▸ **RECORDED DATA**
___

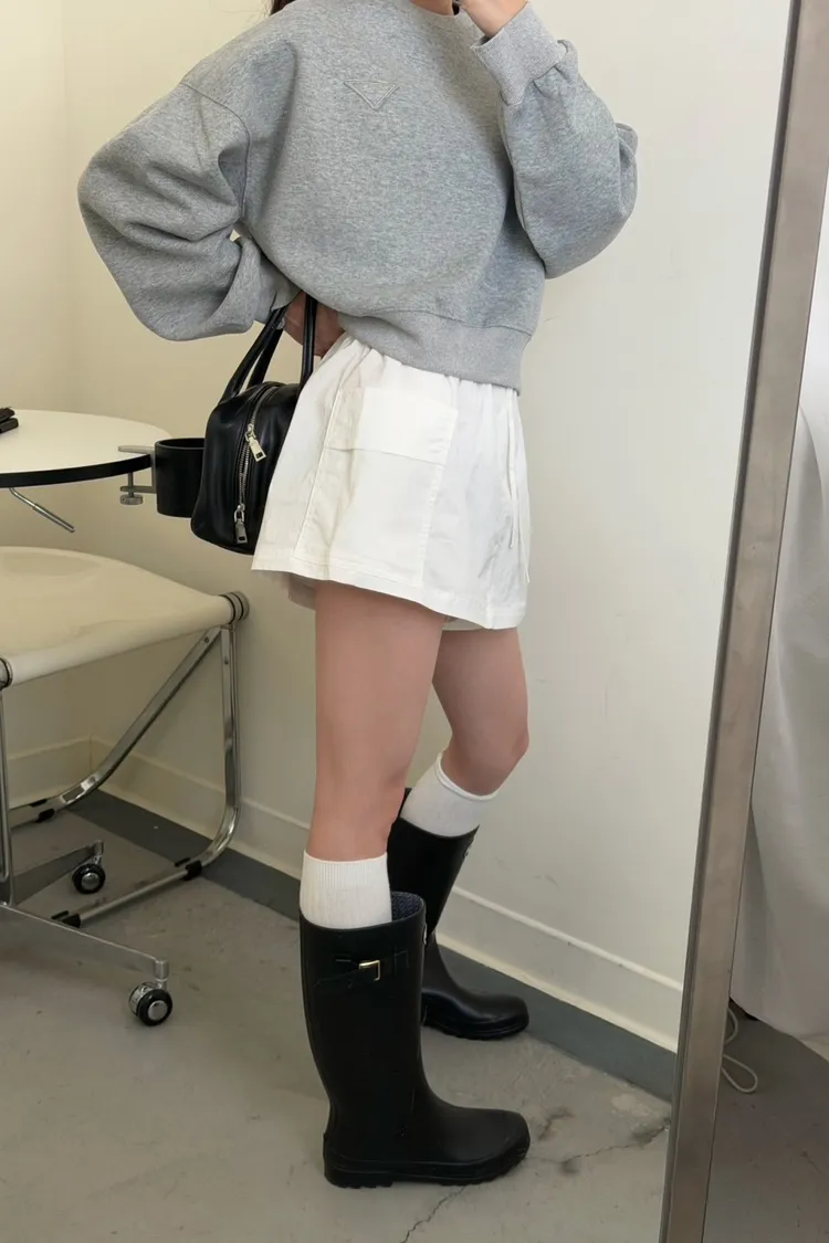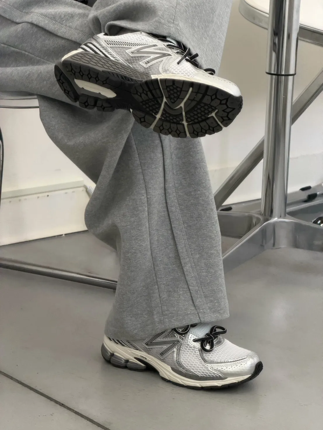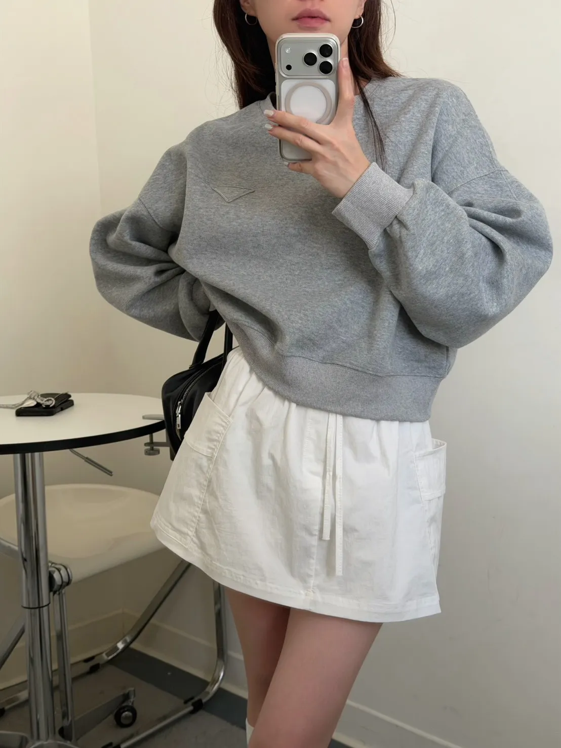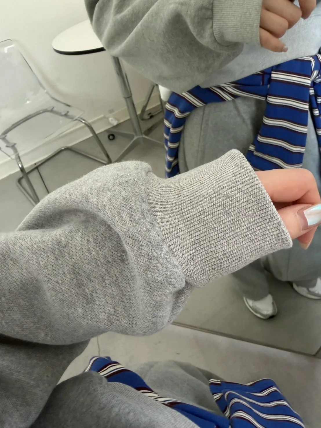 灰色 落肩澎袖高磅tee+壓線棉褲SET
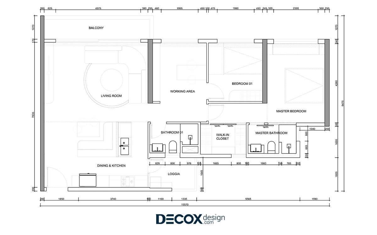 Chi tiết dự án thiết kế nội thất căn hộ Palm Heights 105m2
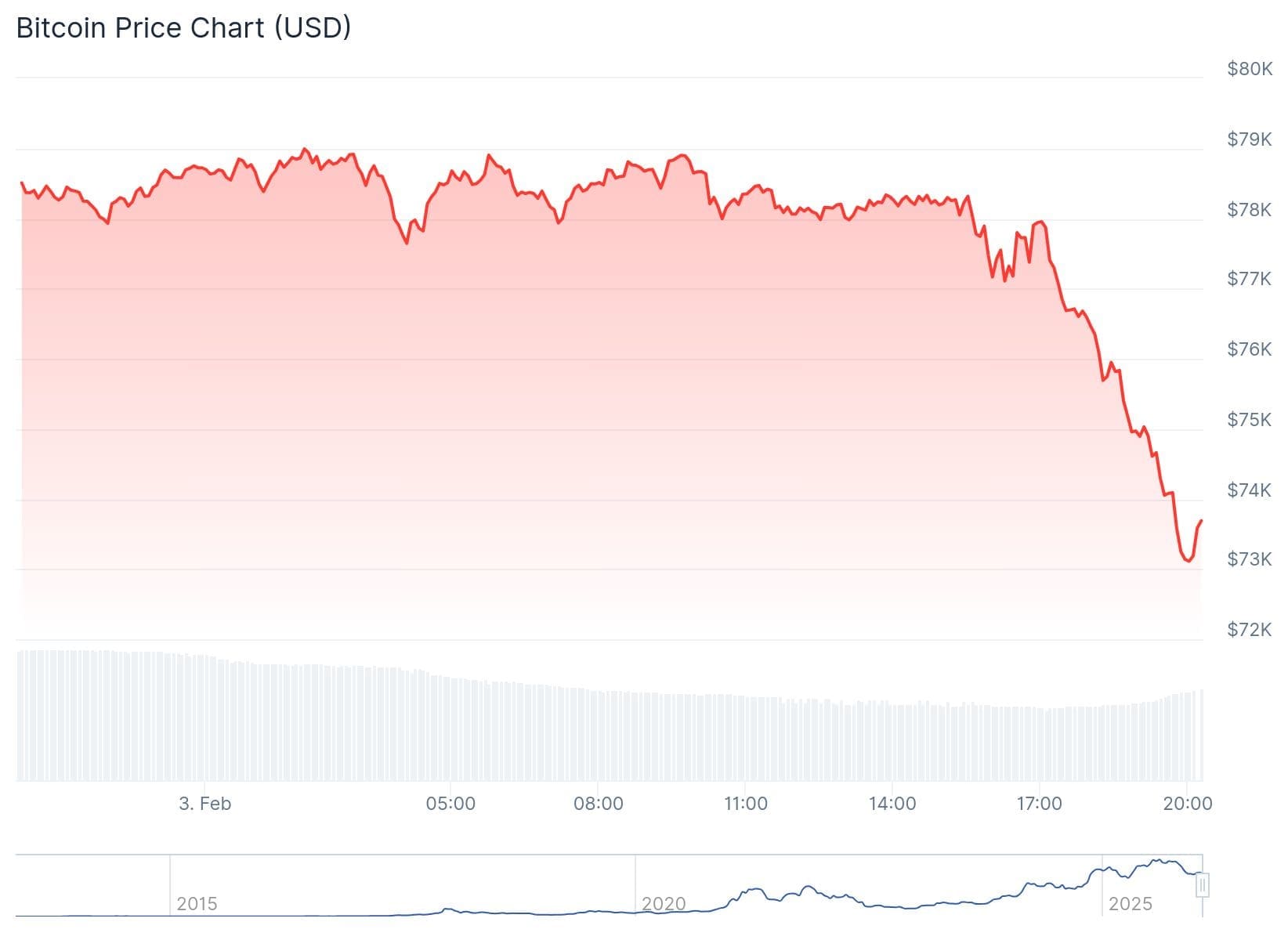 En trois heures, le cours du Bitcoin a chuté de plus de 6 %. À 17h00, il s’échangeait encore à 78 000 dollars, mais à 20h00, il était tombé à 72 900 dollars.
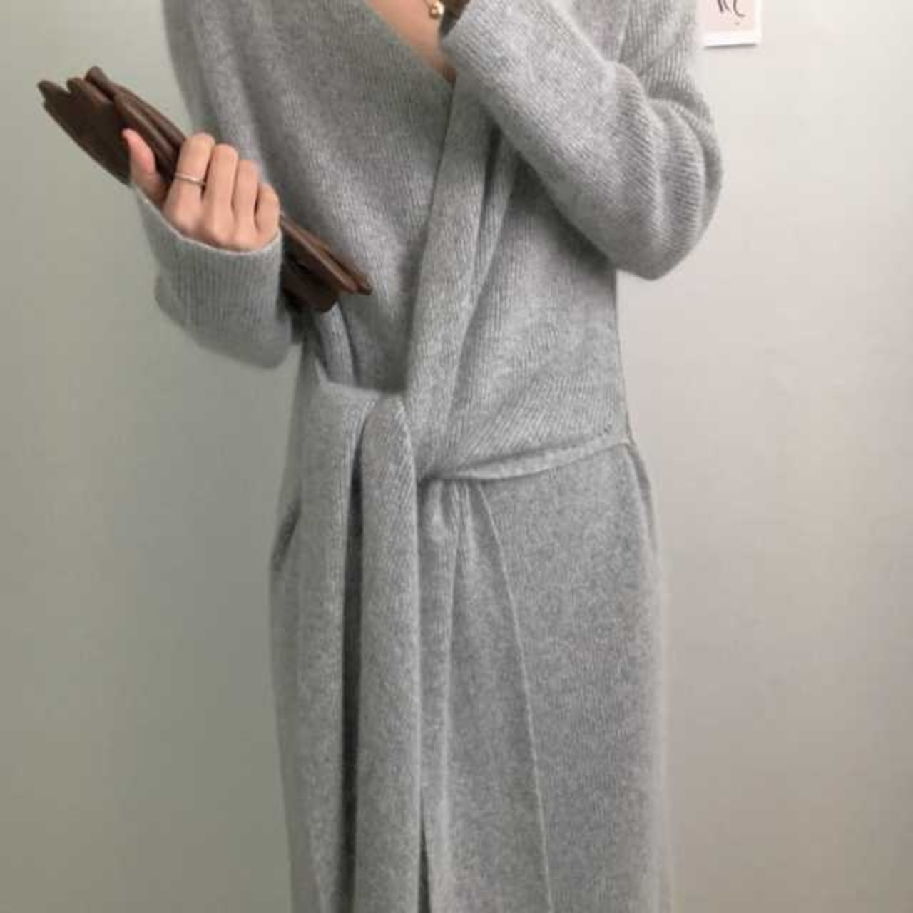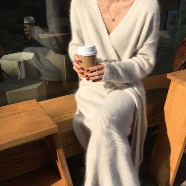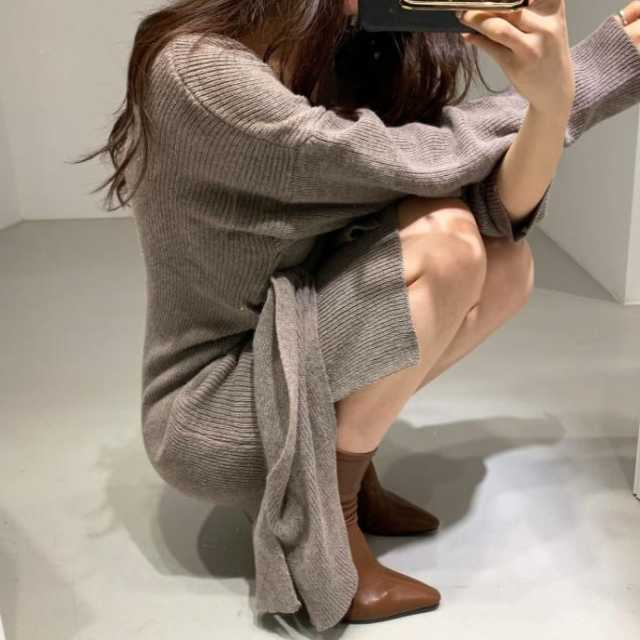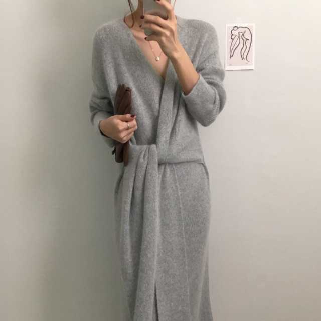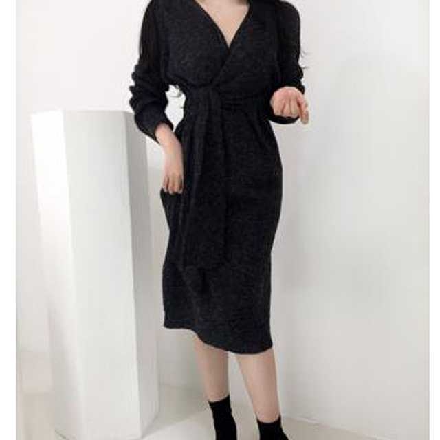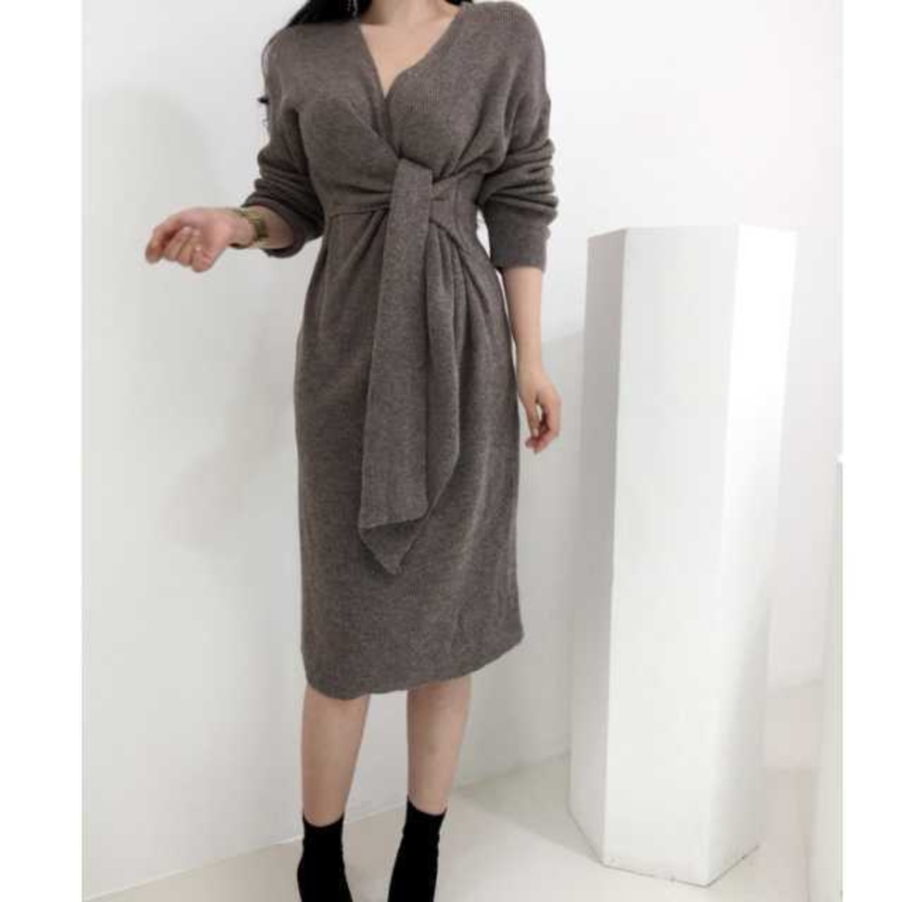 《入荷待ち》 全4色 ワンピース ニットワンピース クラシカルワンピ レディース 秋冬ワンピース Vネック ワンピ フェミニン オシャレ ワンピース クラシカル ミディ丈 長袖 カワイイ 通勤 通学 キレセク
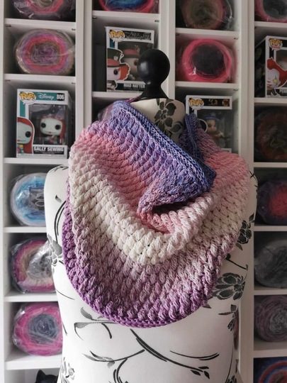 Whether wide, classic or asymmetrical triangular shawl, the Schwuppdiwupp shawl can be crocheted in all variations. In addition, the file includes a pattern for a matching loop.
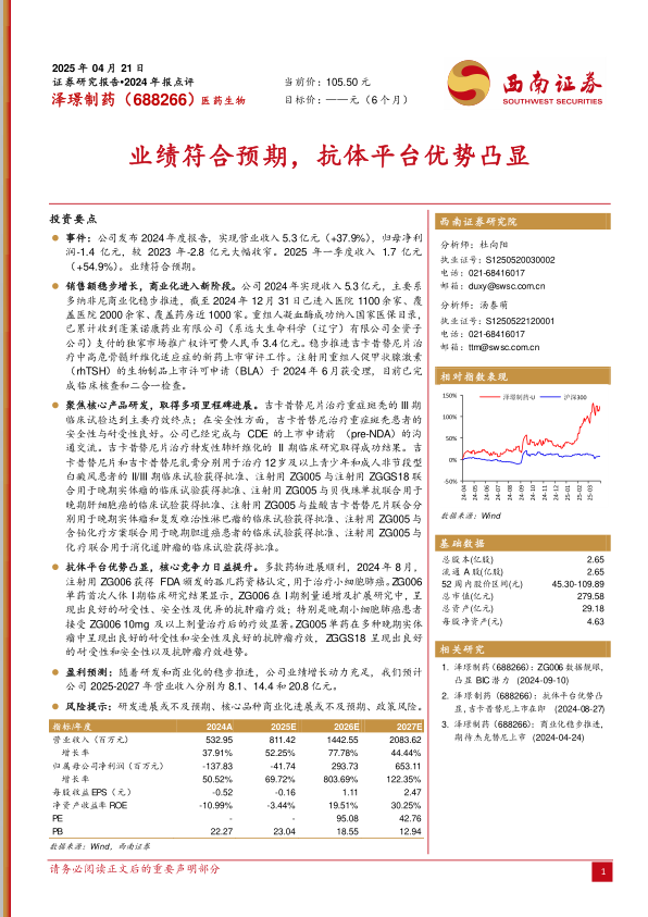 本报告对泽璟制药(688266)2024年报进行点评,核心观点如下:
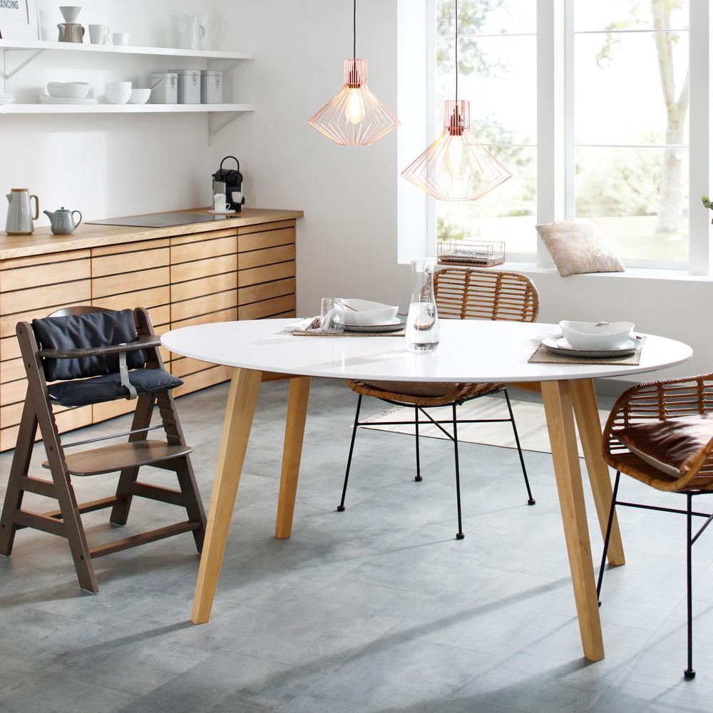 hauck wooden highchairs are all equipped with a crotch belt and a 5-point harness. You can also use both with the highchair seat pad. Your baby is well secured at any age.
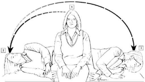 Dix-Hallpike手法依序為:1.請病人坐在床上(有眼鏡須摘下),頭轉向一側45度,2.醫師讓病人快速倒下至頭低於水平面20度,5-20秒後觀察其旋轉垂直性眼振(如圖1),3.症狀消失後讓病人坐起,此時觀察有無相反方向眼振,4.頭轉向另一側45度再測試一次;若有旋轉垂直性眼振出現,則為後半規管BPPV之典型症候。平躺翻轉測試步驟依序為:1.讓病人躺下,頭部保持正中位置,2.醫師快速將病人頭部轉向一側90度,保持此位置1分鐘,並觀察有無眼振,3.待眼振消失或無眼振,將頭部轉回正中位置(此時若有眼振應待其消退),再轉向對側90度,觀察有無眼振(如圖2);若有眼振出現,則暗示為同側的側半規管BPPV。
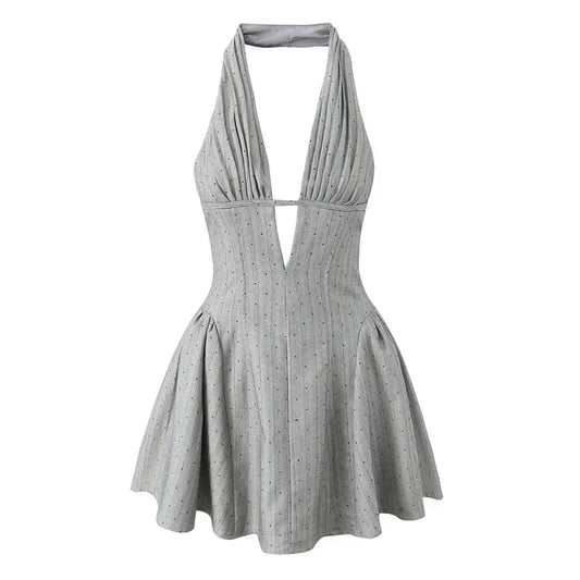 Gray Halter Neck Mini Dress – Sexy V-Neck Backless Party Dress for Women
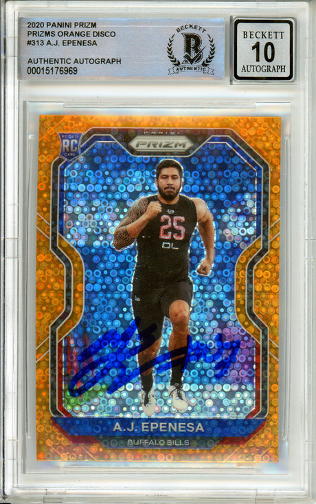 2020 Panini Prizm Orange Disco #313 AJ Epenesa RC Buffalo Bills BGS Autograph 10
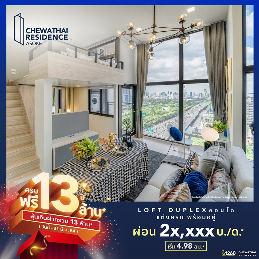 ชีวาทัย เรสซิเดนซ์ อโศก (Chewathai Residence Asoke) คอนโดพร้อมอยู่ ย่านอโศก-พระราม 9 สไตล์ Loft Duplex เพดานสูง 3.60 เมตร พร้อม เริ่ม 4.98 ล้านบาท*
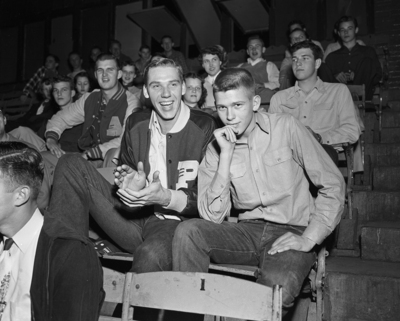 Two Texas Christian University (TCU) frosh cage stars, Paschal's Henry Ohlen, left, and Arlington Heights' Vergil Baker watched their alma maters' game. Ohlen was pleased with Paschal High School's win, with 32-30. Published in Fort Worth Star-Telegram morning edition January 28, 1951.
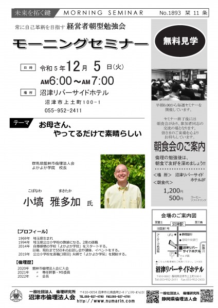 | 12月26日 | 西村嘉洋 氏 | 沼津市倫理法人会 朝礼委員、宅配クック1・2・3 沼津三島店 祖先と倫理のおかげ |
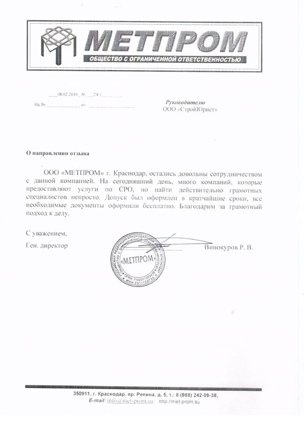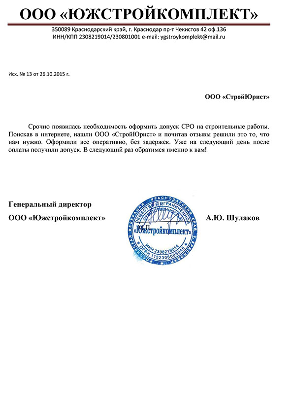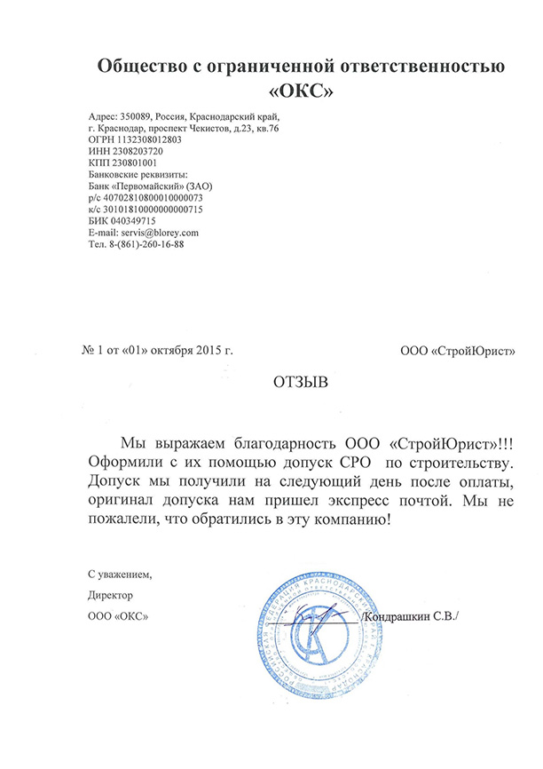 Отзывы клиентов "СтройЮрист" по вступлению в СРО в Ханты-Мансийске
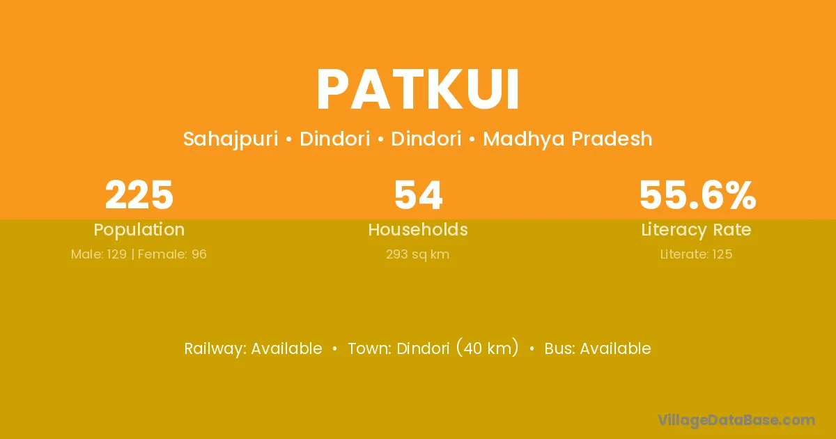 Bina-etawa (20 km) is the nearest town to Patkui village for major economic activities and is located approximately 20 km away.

___

▸ **THE PROBLEM**
A faithful, word-for-word copy of the records above, pictures left out, is the answer.

▸ **SOLUTION TO THIS TASK**
 灰色 落肩澎袖高磅tee+壓線棉褲SET
 Chi tiết dự án thiết kế nội thất căn hộ Palm Heights 105m2
 En trois heures, le cours du Bitcoin a chuté de plus de 6 %. À 17h00, il s’échangeait encore à 78 000 dollars, mais à 20h00, il était tombé à 72 900 dollars.
 《入荷待ち》 全4色 ワンピース ニットワンピース クラシカルワンピ レディース 秋冬ワンピース Vネック ワンピ フェミニン オシャレ ワンピース クラシカル ミディ丈 長袖 カワイイ 通勤 通学 キレセク
 Whether wide, classic or asymmetrical triangular shawl, the Schwuppdiwupp shawl can be crocheted in all variations. In addition, the file includes a pattern for a matching loop.
 本报告对泽璟制药(688266)2024年报进行点评,核心观点如下:
 hauck wooden highchairs are all equipped with a crotch belt and a 5-point harness. You can also use both with the highchair seat pad. Your baby is well secured at any age.
 Dix-Hallpike手法依序為:1.請病人坐在床上(有眼鏡須摘下),頭轉向一側45度,2.醫師讓病人快速倒下至頭低於水平面20度,5-20秒後觀察其旋轉垂直性眼振(如圖1),3.症狀消失後讓病人坐起,此時觀察有無相反方向眼振,4.頭轉向另一側45度再測試一次;若有旋轉垂直性眼振出現,則為後半規管BPPV之典型症候。平躺翻轉測試步驟依序為:1.讓病人躺下,頭部保持正中位置,2.醫師快速將病人頭部轉向一側90度,保持此位置1分鐘,並觀察有無眼振,3.待眼振消失或無眼振,將頭部轉回正中位置(此時若有眼振應待其消退),再轉向對側90度,觀察有無眼振(如圖2);若有眼振出現,則暗示為同側的側半規管BPPV。
 Gray Halter Neck Mini Dress – Sexy V-Neck Backless Party Dress for Women
 2020 Panini Prizm Orange Disco #313 AJ Epenesa RC Buffalo Bills BGS Autograph 10
 ชีวาทัย เรสซิเดนซ์ อโศก (Chewathai Residence Asoke) คอนโดพร้อมอยู่ ย่านอโศก-พระราม 9 สไตล์ Loft Duplex เพดานสูง 3.60 เมตร พร้อม เริ่ม 4.98 ล้านบาท*
 Two Texas Christian University (TCU) frosh cage stars, Paschal's Henry Ohlen, left, and Arlington Heights' Vergil Baker watched their alma maters' game. Ohlen was pleased with Paschal High School's win, with 32-30. Published in Fort Worth Star-Telegram morning edition January 28, 1951.
 | 12月26日 | 西村嘉洋 氏 | 沼津市倫理法人会 朝礼委員、宅配クック1・2・3 沼津三島店 祖先と倫理のおかげ |
 Отзывы клиентов "СтройЮрист" по вступлению в СРО в Ханты-Мансийске
 Bina-etawa (20 km) is the nearest town to Patkui village for major economic activities and is located approximately 20 km away.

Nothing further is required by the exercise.